Like yours, many responses to this research make the appeal to nature: natural things are good and unnatural things are bad. However, that misses the point because xylitol does occur naturally. It is produced by our bodies and is found in some fruits. It isn't a novel compound created in a lab.

The human desire for sweet foods is also quite natural. Sweetness is one of the fundamental tastes that humans can detect, and we naturally seek out sweet foods.


An appeal to history is not the same as an appeal to nature.

Traditional diets and foodstuffs aren't necessarily optimal, but they do evidence themselves as adequate for sustaining a community for some number of centuries.

Novel diets and foodstuffs don't have that benefit, and are often accepted into daily life on a weakly evidenced hunch that its "safe until proven otherwise" and an often unevidenced assumption that it must at least be better than whatever imperfect thing its replacing.

Choosing not to hop onto the hype train for every new novelty is a personal choice, but a decidedly reasonable one.

In the case of sugars and sugar substitutes, adhering to a traditional pattern simply means treating sweetness as a luxury and accent rather than a daily staple. Not a big ask for people who mean to care about their health (not everyone needs to).


Please note that traditional century-old diets have a great track record of sustaining communities, but it's not necessarily the case that the old diets can lead to long lifespans given our current levels of food availability. For instance, my grandmother used to tell me that I needed sugar to grow strong, so she added a ton of it to my milk when I was little. Refined sugar wasn't as readily available, or equally cheap, a long time ago so the small amounts of sugar that made sense in the past doesn't make sense today. She meant well, but the old knowledge unfortunately ended up creating a perverse incentive.

What you are saying makes complete sense, but it's important to have in mind that when going all-in with "traditional" foods, one still needs to worry about overall intake - the century-old foods can still kill you if your diet isn't balanced.


> An appeal to history is not the same as an appeal to nature.

Would it surprise you to know that as recently as 1850 in the USA 50% of all children died before the age of 5? Does that change your opinion of how well people were doing in 'history'?

> Novel diets and foodstuffs don't have that benefit, and are often accepted into daily life on a weakly evidenced hunch that its "safe until proven otherwise" and an often unevidenced assumption that it must at least be better than whatever imperfect thing its replacing.

Can you explain what you mean by this in relation to xylitol? It is not a 'fad' or 'novel' diet.

> In the case of sugars and sugar substitutes, adhering to a traditional pattern simply means treating sweetness as a luxury and accent rather than a daily staple. Not a big ask for people who mean to care about their health (not everyone needs to).

I assume that you eat wild game and refrain from non-local and out of season ingredients as well?


Not an appeal to nature: an appeal to tried and tested foods for centuries of human history.


Xylitol is not an artificial sweetener.


The top Google result on xylitol is from WebMD and states: "Overview.

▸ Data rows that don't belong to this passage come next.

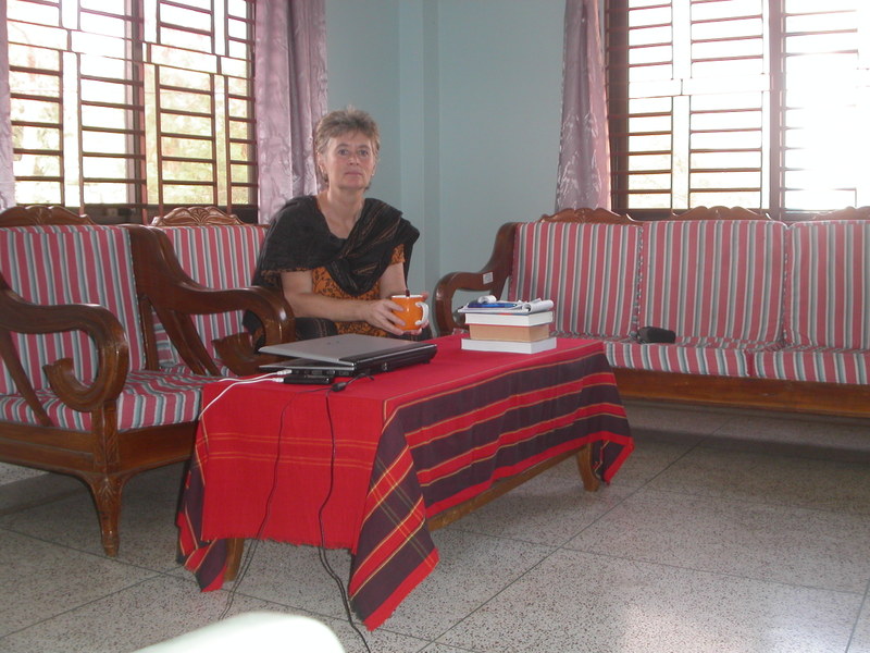 Het is al om half 6 donker en als je om 20.00 uur nog op straat bent dan lijkt het al erg laat in de avond. Ik vermaak mij dus ’s avonds veelal thuis met de laptop; wat uitzoeken, lezen of schrijven. Ik kan mezelf erg goed vermaken op die manier, maar na een week elke avond thuis wordt het wel een beetje saai. Eind november had ik een tweedaagse meeting in Tala (in de provincie) in het kader van het SCORE programma van VSO (EU gefinancierd; ik val onder dat budget), wat een zeer welkome afwisseling was. En vlak daarna kreeg ik een logee in huis. Een Italiaanse VSO’ster, die hier in een klein dorp werkt, was ziek en meldde zich aan de telefoon of ze bij mij kon logeren. VSO’ers helpen elkaar altijd, dat is een ongeschreven regel. Met Barbara ging ik naar ziekenhuis en kliniek voor onderzoek, testen en medicijnen. Zo heb ik nu dan ook wat gezondheidszorgvoorzieningen van binnen gezien. Voor de Mozambique-gangers onder de lezers kan ik melden dat het er hier beter uitziet dan in Beira; hoewel ik ook in Khulna niet graag geopereerd zou willen worden. Naar de Hollandse smaak laat de hygiene nogal te wensen over. Ik vond het gezellig om iemand in huis te hebben; we hebben heel wat afgekletst en ik heb mijn best gedaan om haar fysieke conditie en moreel op te krikken.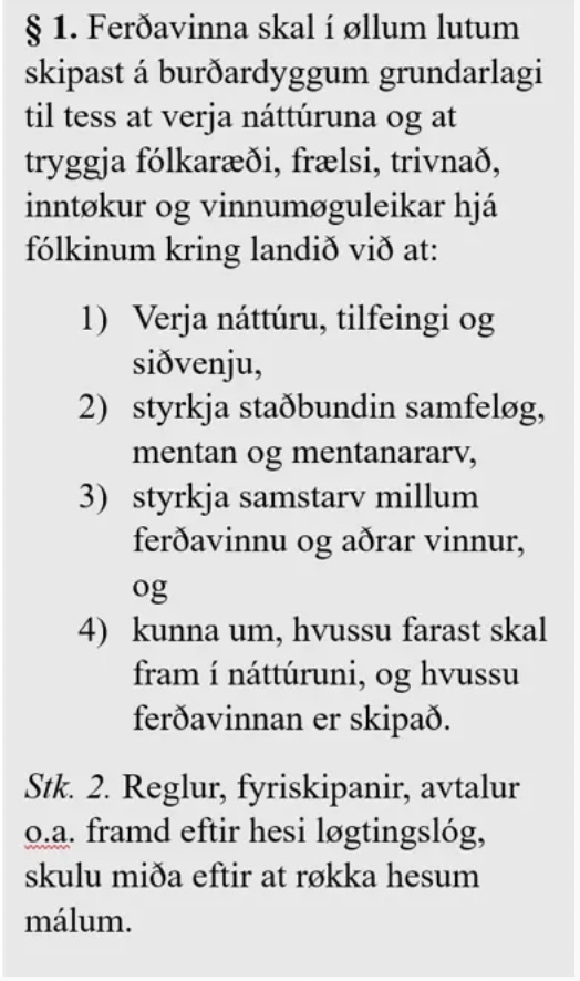 Endamálið við ferðavinnulógini er at skapa karmar um eina vinnu, ið verður náttúruni, fólkinum, sum her býr, og vinnuni, eisini landbúnaðinum, til størst møguligt gagn.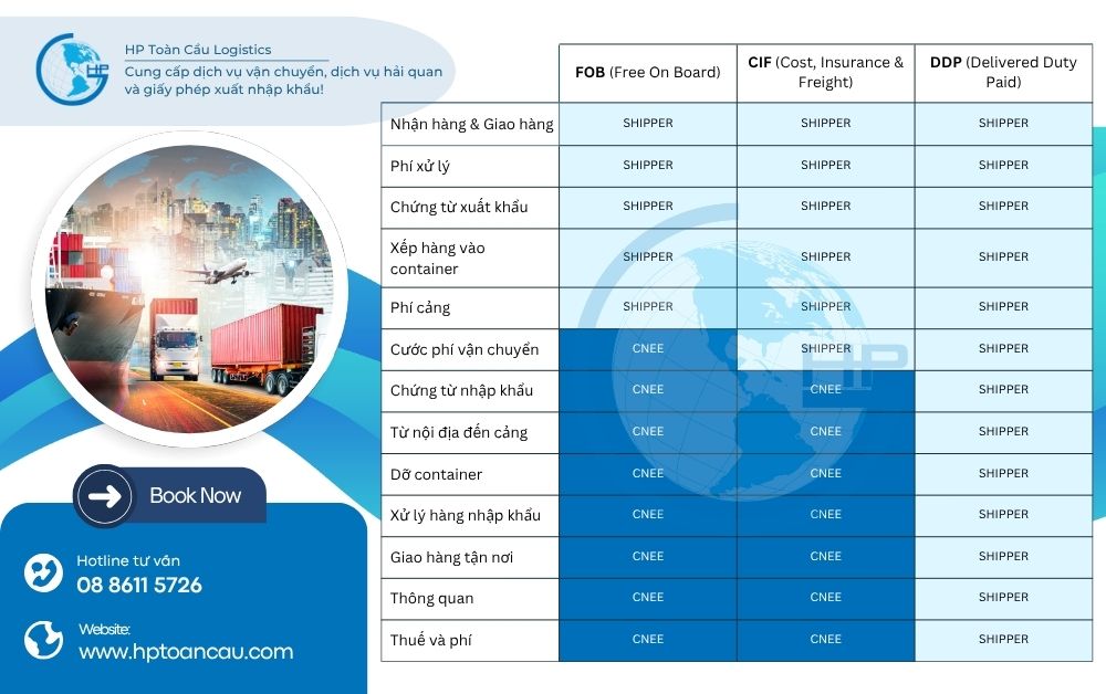 FOB (Free On Board): Người bán chịu chi phí và rủi ro đến cảng xuất Việt Nam, phần còn lại thuộc trách nhiệm người mua

Xylitol is a natural sugar alcohol found in plants, including many fruits and vegetables"

Why should anyone worry about this substance in low doses?


Botulinum is also natural, but micrograms of the stuff is lethal.

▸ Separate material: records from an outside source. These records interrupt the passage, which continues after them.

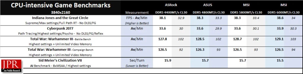 The four memory speeds each ran the above games relatively closely in performance. Even the VENGEANCE 4x48GB kit at only 4400MT/s does reasonably well, which means — although not ideal — a 192GB workstation-type setup can work for gaming.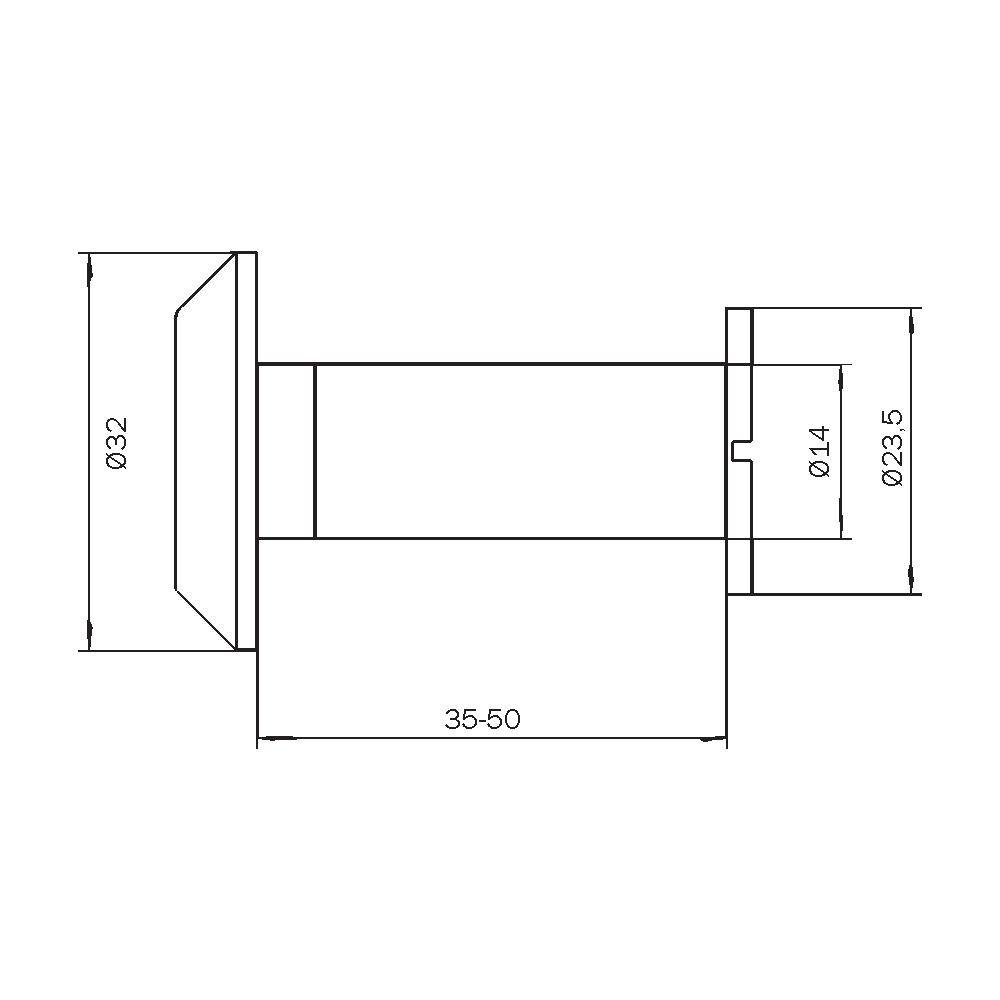 Croma 4006 Yangın Dayanımlı Kapı Dürbünü, 35 ila 50 mm arasında uzunluğunda , 14×32 mm çapında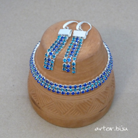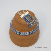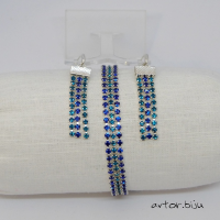 Браслет из стразовых цепочек с синими и бирюзовыми стразами.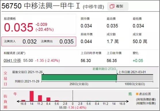 2、看错方向:中移法兴一甲牛(56750.HK),周二下跌20.45%。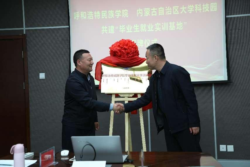 就业指导处处长包仓与安伟代表学校和大学生科技园双方为毕业生就业实训基地揭牌。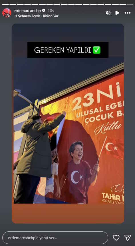 CHP Derince Gençlik Kolları Başkanı Caner Boztepe, Atatürk'ün yer almadığı afişlerin bulunduğu noktalara Atatürk görsellerinin yer aldığı yeni afişler astı.Sözcü'ye konuşan Boztepe, "Bu bayram Atatürk'ün çocuklara armağanıdır. Onsuz kutlanamaz" dedi.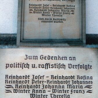 Zum Gedenken an / politisch u. rassistisch Verfolgte / Reinhardt Josef – Reinhardt Rosina / Reinhardt Peter – Reinhardt Maria / Winter Anna – Winter Franz / Winter Theresia / Sinti, die in Auschwitz / ermordet wurden.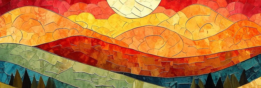 Details: landschap, abstract, mozaïek, maan, heuvels, water, bomen, kleurrijk, rood, geel
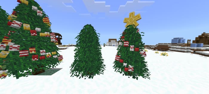 Deco Christmas Addon (1.21) provides players with Christmas decorations such as Christmas trees, gifts, Santa Claus and decorative lights.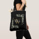 Elegante Aquarell-Blätter florale Monogramm-Namen Tote-Tasche mit einer goldenen Monogramm-Initial auf einem schwarzen Hintergrund mit Ihrem Namen Set in einem stilvollen weißen Skript. Entwickelt von Thisisnotme©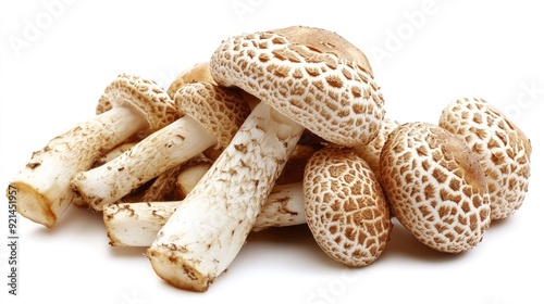 A bunch of fresh Matsutake mushrooms, emphasizing their unique textures and shapes on a white background.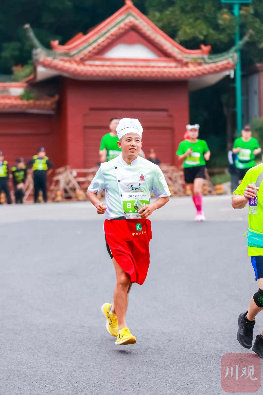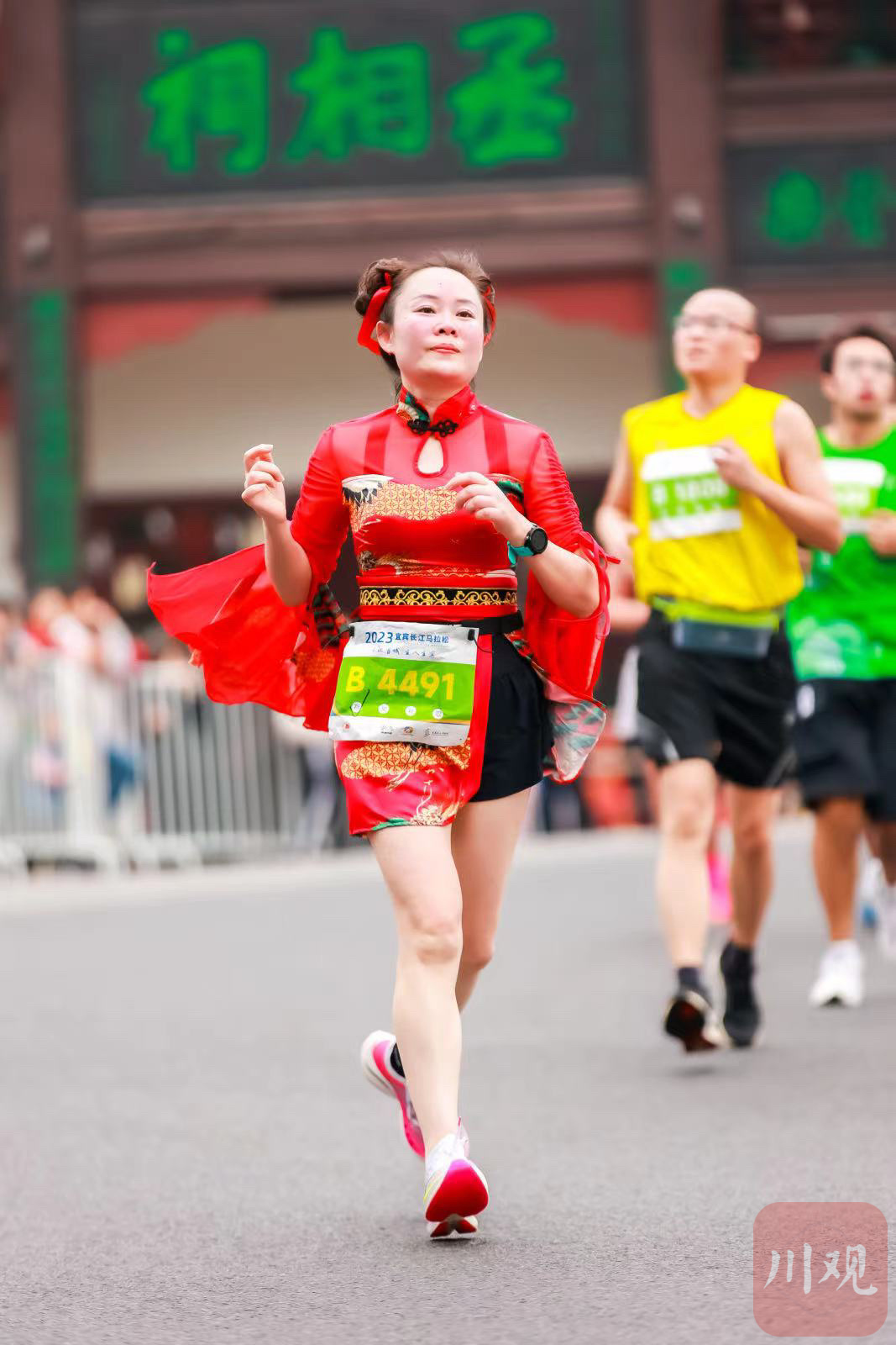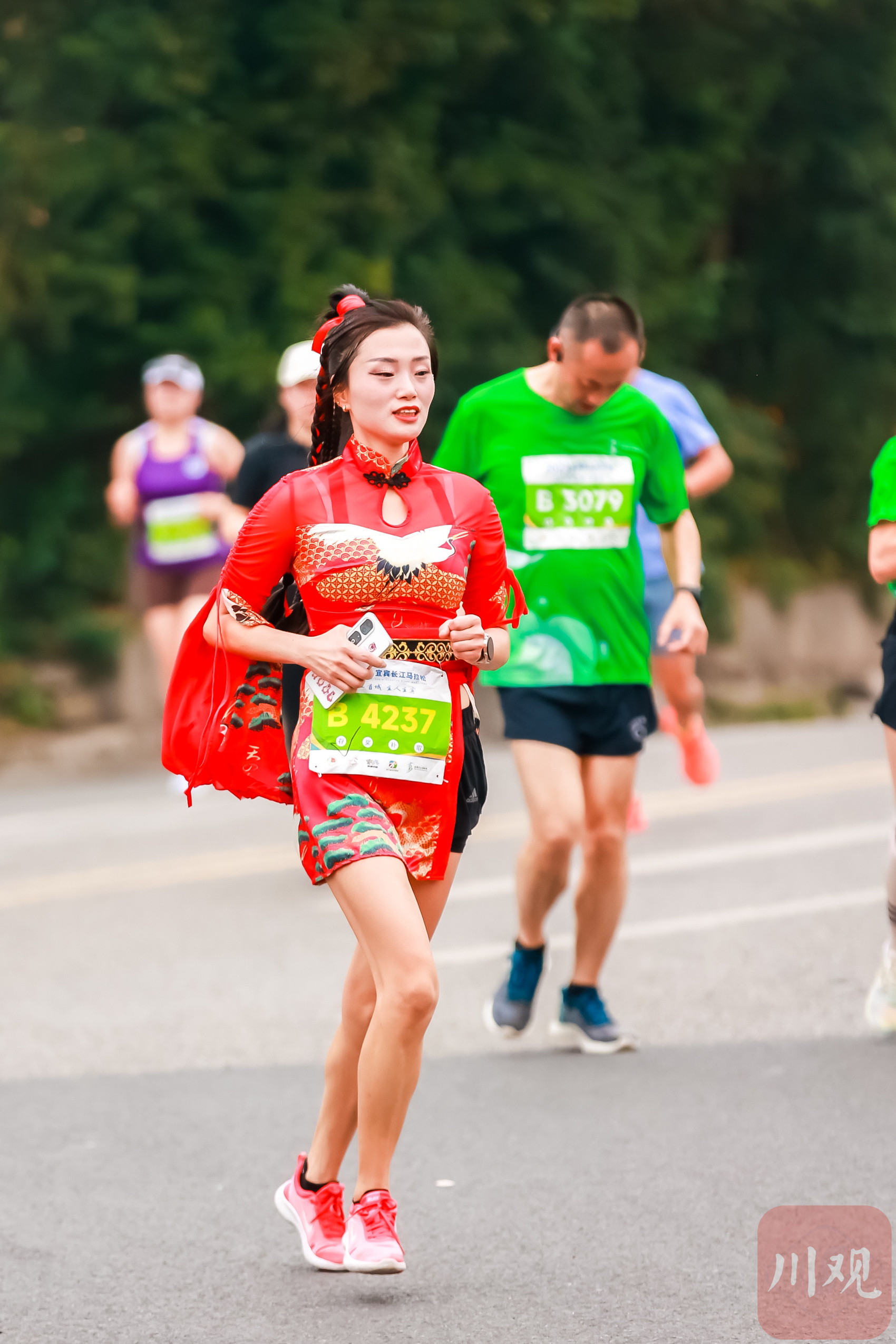 参加马拉松比赛的选手中,有不少选择“盛装”参赛,既有传统服饰,也能看见新潮特色。半程马拉松男子组选手王超穿着一身“哪吒”套装冲过终点线时,引来不少关注的目光。王超说,想到哪吒,就想起了孕育了哪吒的宜宾,也就想到了“风火轮”。“幸运的是,今天自己的成绩也像哪吒一样,踩着‘风火轮’,自己很满意。”

If botulinum were found in plants, including many fruits and vegetables that we eat on a regular basis, I would also question how bad it could be.


We already know overexposure to sugar can have negative effects, so it seems reasonable to evaluate whether a widely used sugar substitute could be bad if consumed in large enough quantities. i.e. someone has soda with artificial sweeteners once a day, and then they consume some baked goods during breakfast that were made with an artificial sweetener instead of sugar, and maybe it's included in their mouthwash or something.


It won't give you acute disease, but whether it acts as a chronic poison is a different story, and much hard to disentangle.

We are a long-lived species, way more so than most mammals. Consuming some substance for 30 years will have a different effect on us than on normal forest critters, which mostly don't live to be 30.